Business representatives and lawyers convened at COP 27 to discuss what law in the net zero future would look like. At “reconfiguring the law for a net-zero future”, panellists emphasised the private sector’s reliance on their legal advisors for helping set and meet corporate net-zero targets, facilitating cooperation between governments and businesses for the creation of effective climate regulation, and developing an understanding of such regulation to ensure their investments and growth plans are productive, sustainable and net-zero compliant.
Panellists further emphasised that the private sector understood and recognised the need for change. However, businesses still require effective and appropriate climate laws and regulation to stabilise the risk inherent in such change. Indeed, businesses reported that they were often unable to make climate-positive changes without the government action, such as amendments to anti-trust laws, that would permit them to do so.
Businesses and their lawyers also voiced their awareness of the transformative effect of climate litigation. Long recognised as posing a threat to the companies targeted by such litigation, it is now increasingly understood as playing an important role in defining the parameters and details of existing and future climate law and regulation through the creation of legal precedent and establishing consistent legal interpretation. Panellists recognised that should elements of the private sector refuse to engage with the move to net-zero, and consequently expose themselves to climate litigation, they may not only be faced with legal action but also with the prospect of being forced to operate in a legal and regulatory environment created by cases directly aimed at halting or radically altering their day-to-day business operations.
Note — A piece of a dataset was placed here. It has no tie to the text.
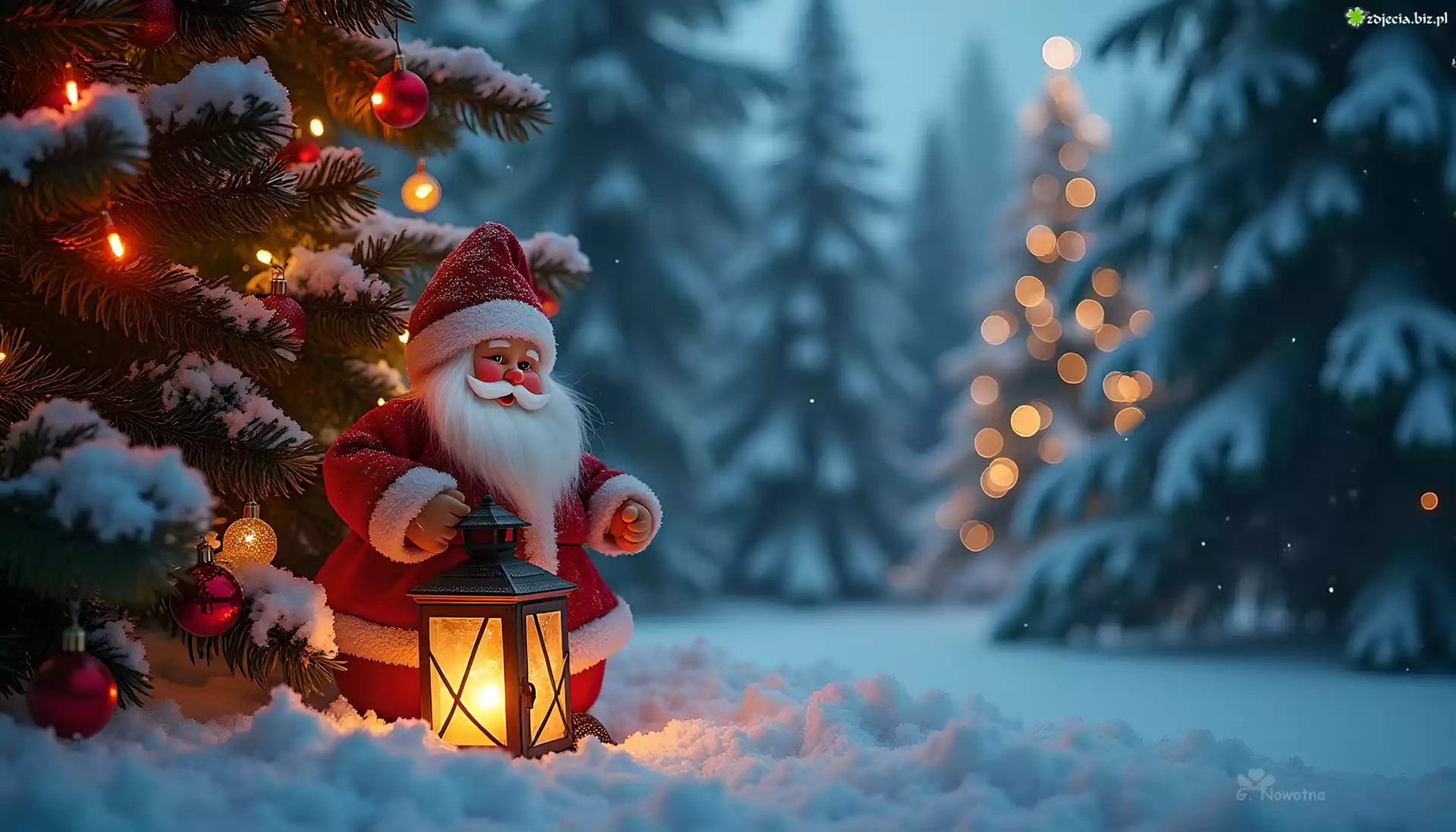 Zdjęcie Mikołaj, Choinka, Lampion, Zima, Śnieg, Grafika

Climate litigation is now established in the legal environment. However, panellists at an event on resolving climate change disputes outside of state courts highlighted the potential for private climate arbitration. While climate change inspired treaty arbitrations have already taken place, lawyers on the panel noted that any contracts containing arbitration clauses and encompassing climate commitments could inspire such disputes. This was especially true when parties to such contracts have made wider commitments that rely on third parties, such as within their supply chains, meeting certain standards too.
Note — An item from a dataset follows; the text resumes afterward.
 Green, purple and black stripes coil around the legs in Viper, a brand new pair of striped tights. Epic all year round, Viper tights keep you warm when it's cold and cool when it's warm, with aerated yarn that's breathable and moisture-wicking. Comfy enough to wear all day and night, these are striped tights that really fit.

In such cases, international arbitration could have significant advantages for private parties, with the privacy, industry expertise and ease of global enforcement of the arbitral process better suited to complex climate disputes and international contracts than state litigation.
In all cases, private businesses are entering a world of rapidly changing laws and regulations, as well as an uncertain business and dispute resolution environment. As trusted advisers, lawyers must not only change with the times but anticipate the changes that will shape law in the net zero future.